This course is a survey of theoretical models and algorithms for decision-making at scale. Such models have become vital to the modern algorithmic toolkit, with wide-ranging applications to platforms for social choice, interpersonal interactions, sharing economy, and crowdsourcing. We will view these problems through the lens of Theoretical Computer Science. Settings considered include:
- Decision-making under Uncertainty: We will study classic models for making decisions in the face of uncertainty about the future, and how they apply to modern large-scale platforms. We will study stochastic optimization, online algorithms, and regret minimization.

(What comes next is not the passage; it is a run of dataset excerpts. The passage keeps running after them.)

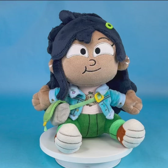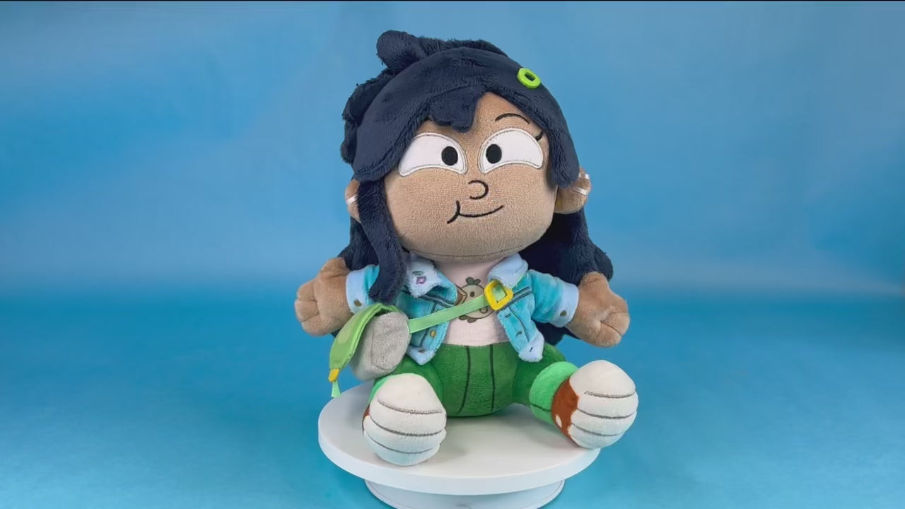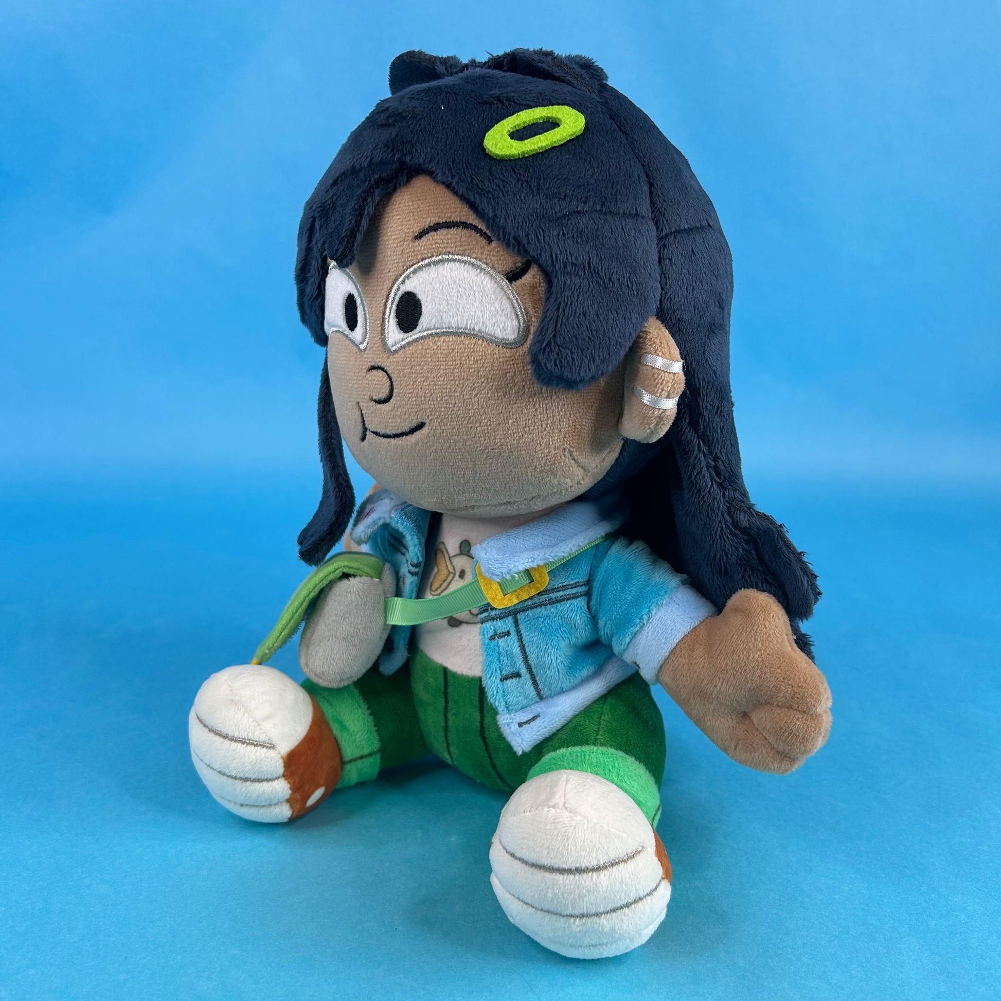 Marcy’s at her arrival gate waiting to be picked up! This plush is 26 cm tall (10.2 inches), made of soft minky fabric. She comes with her removable shoulder bag that opens with Velcro. (Bundle contains 3-inch tall acrylic Marcy charm.)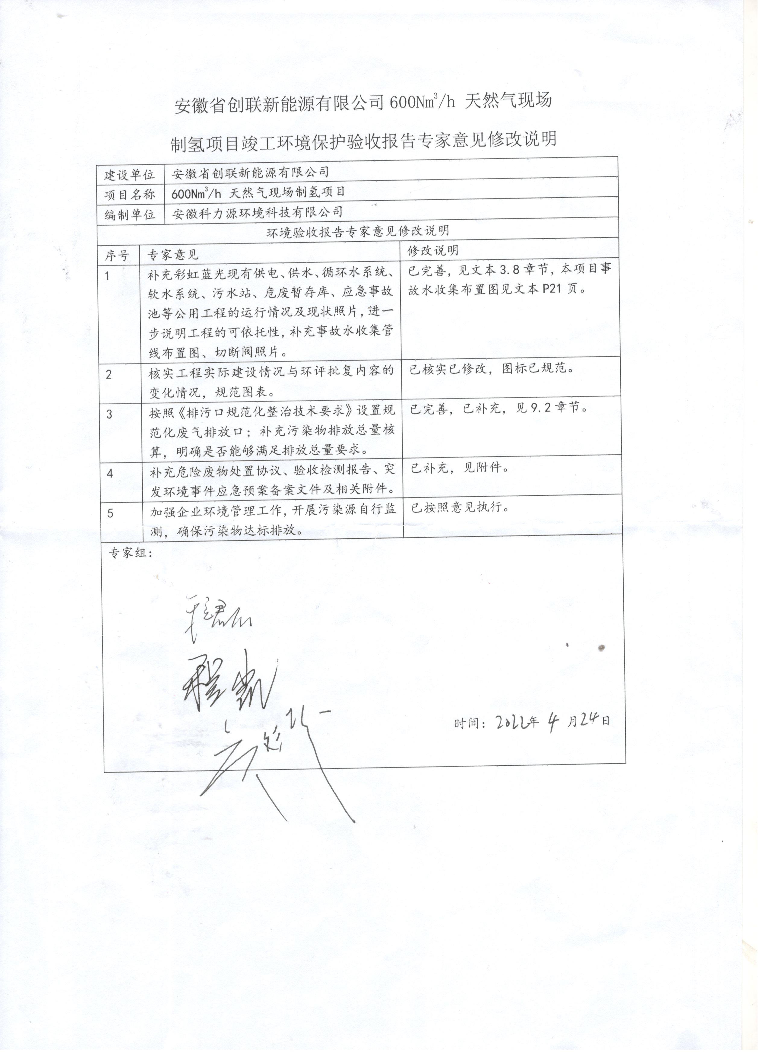安徽省創(chuàng)聯(lián)新能源有限公司600Nm3/h 天然氣現(xiàn)場制氫項(xiàng)目驗(yàn)收組嚴(yán)格依照國家有關(guān)法律法規(guī)、建設(shè)項(xiàng)目竣工環(huán)境保護(hù)驗(yàn)收技術(shù)規(guī)范、本項(xiàng)目環(huán)評報告書和審批部門審批決定等要求對本項(xiàng)目進(jìn)行驗(yàn)收。驗(yàn)收組認(rèn)為本項(xiàng)目實(shí)施工程按照環(huán)評及其批復(fù)的要求,落實(shí)了相關(guān)環(huán)保設(shè)施,建立了相應(yīng)環(huán)保管理制度,符合環(huán)保驗(yàn)收條件,可通過環(huán)保驗(yàn)收。根據(jù)《國務(wù)院關(guān)于修改<建設(shè)項(xiàng)目環(huán)境保護(hù)管理?xiàng)l例>的決定》(國務(wù)院令第682號),以及環(huán)境保護(hù)部《關(guān)于發(fā)布<建設(shè)項(xiàng)目竣工環(huán)境保護(hù)驗(yàn)收暫行辦法>的公告(國環(huán)規(guī)環(huán)評[2017]4號),現(xiàn)安徽省創(chuàng)聯(lián)新能源有限公司600Nm3/h 天然氣現(xiàn)場制氫項(xiàng)目竣工環(huán)境保護(hù)驗(yàn)收報告公示如下: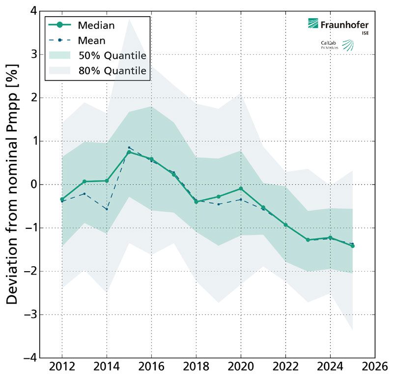 Die Relevanz einer unabhängigen Leistungsüberprüfung für PV-Module ist in den letzten Jahren gestiegen. Seit 2017 wächst die Diskrepanz zwischen der Leistungsangabe vieler PV-Modulhersteller und den Messergebnissen des Fraunhofer ISE und stieg im Jahr 2025 auf eine negative Abweichung von im Median 1,4 Prozent. Ein Forschungsteam des Fraunhofer ISE hatte dafür über 70.000 Leistungsmessungen an Photovoltaik-Modulen ausgewertet, die im Kalibrierlabor des Instituts, CalLab PV Modules, seit 2012 durchgeführt wurden.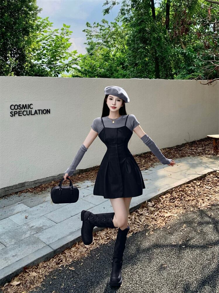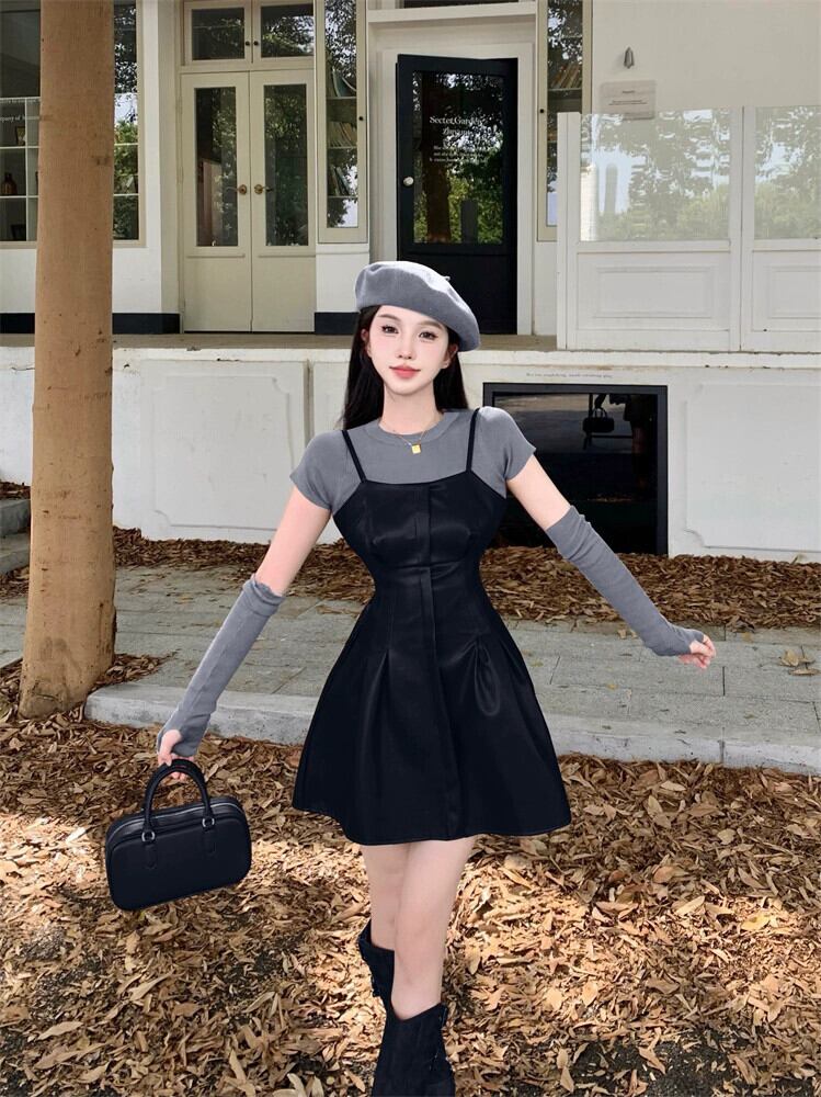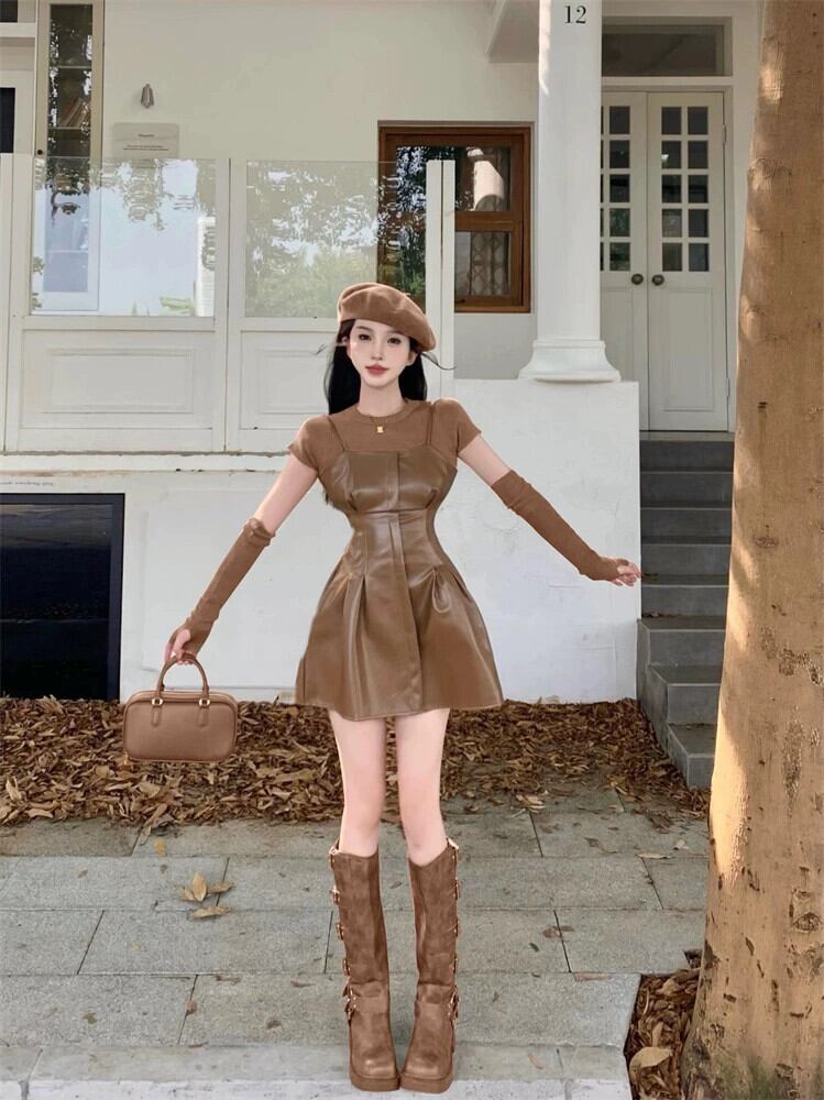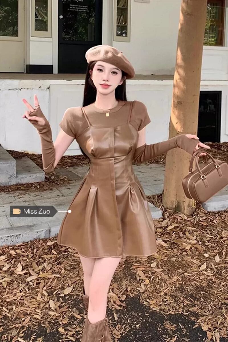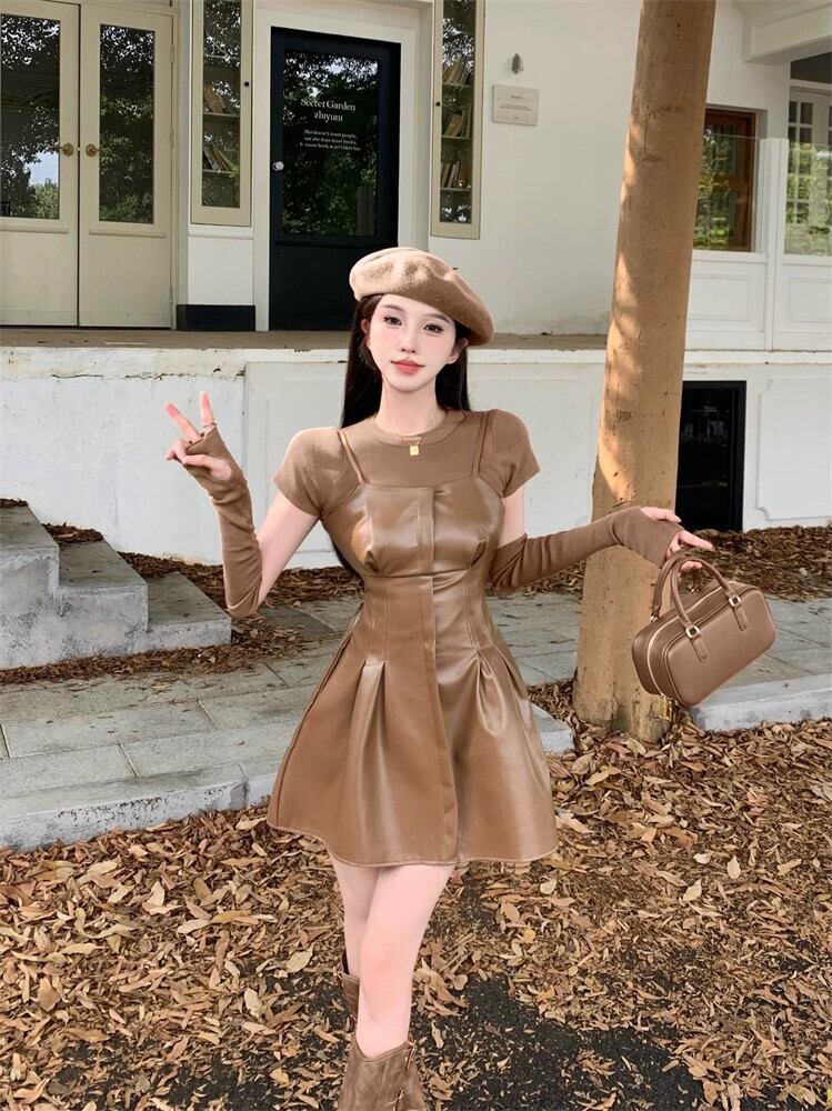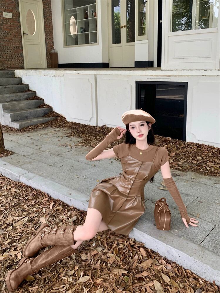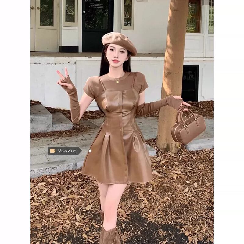 カーキレザースカートサスペンダードレス女性の秋のショートメイラードは、甘くてスパイシーなショートスカートの完全なセットを着ています 大人ガーリー スウィート キュート カジュアル オータム 秋物 8571620744442210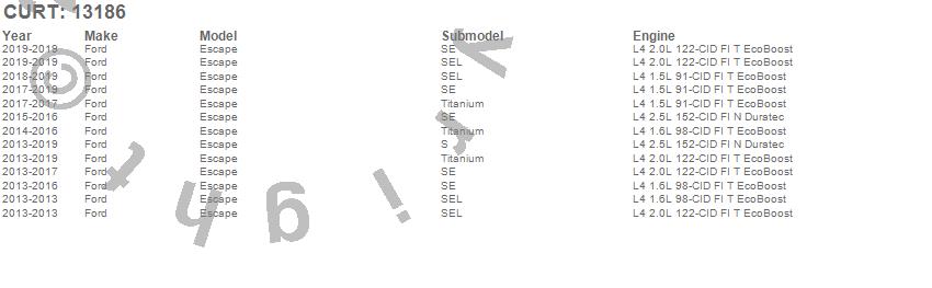 Below is an abbreviated list of applications for the Class III 2 in. Receiver Hitch.Escape, Ford, 2019, 2018, 2017, 2016, 2015, 2014, 2013
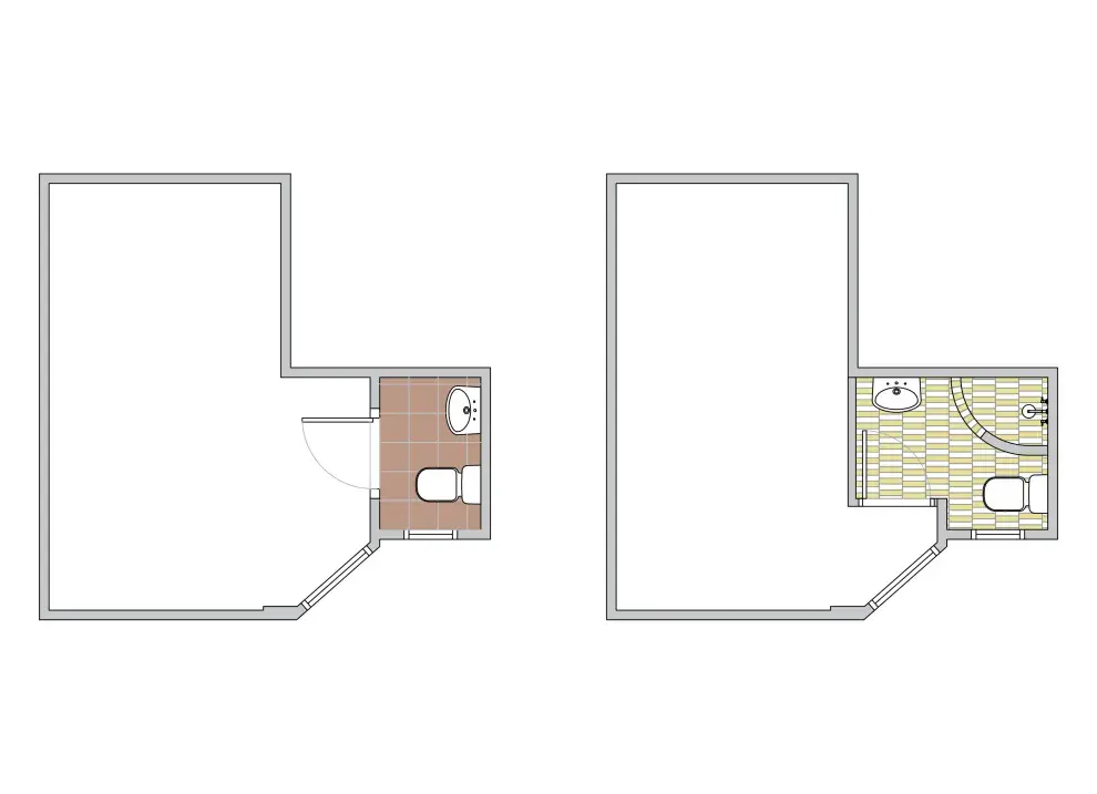 El cliente había pensado extenderse hacia el lateral del baño, rompiendo la pared en la que se encontraba la ducha y ganando espacio sobre la cocina. Esta solución era viable, pero engorrosa y quitaba espacio útil a la cocina. En lugar de hacer esto, le propuso avanzar 60 cm hacia el lado del dormitorio, y así ganó para el baño un espacio "muerto", ya que dada la distribución de la habitación no podía aprovecharse para otra cosa.

- Fairness and Collective Decisions: We will study desiderata for making decisions in a population via preference aggregation, as well as models for partitioning resources based on preferences. We with focus on utility maximization, truthfulness, and fairness. In contexts where satisfying multiple desiderata is impossible, we will study approximation techniques.
- Decisions and Networks: This is widely studied as non-cooperative game theory. We will analyze the convergence of basic dynamics such as no-regret. Decentralized decision making of humans cannot be studied without an understanding of how people influence each other. We will study classic models for opinion dynamics and spread of influence, and how these are impacted by the social network.
Several of the lectures will touch upon topics from beyond Computer Science, notably from Economics, Operations Research, and Sociology. Though the course is theoretical in nature, almost all problems considered have significant practical motivation which will also be highlighted.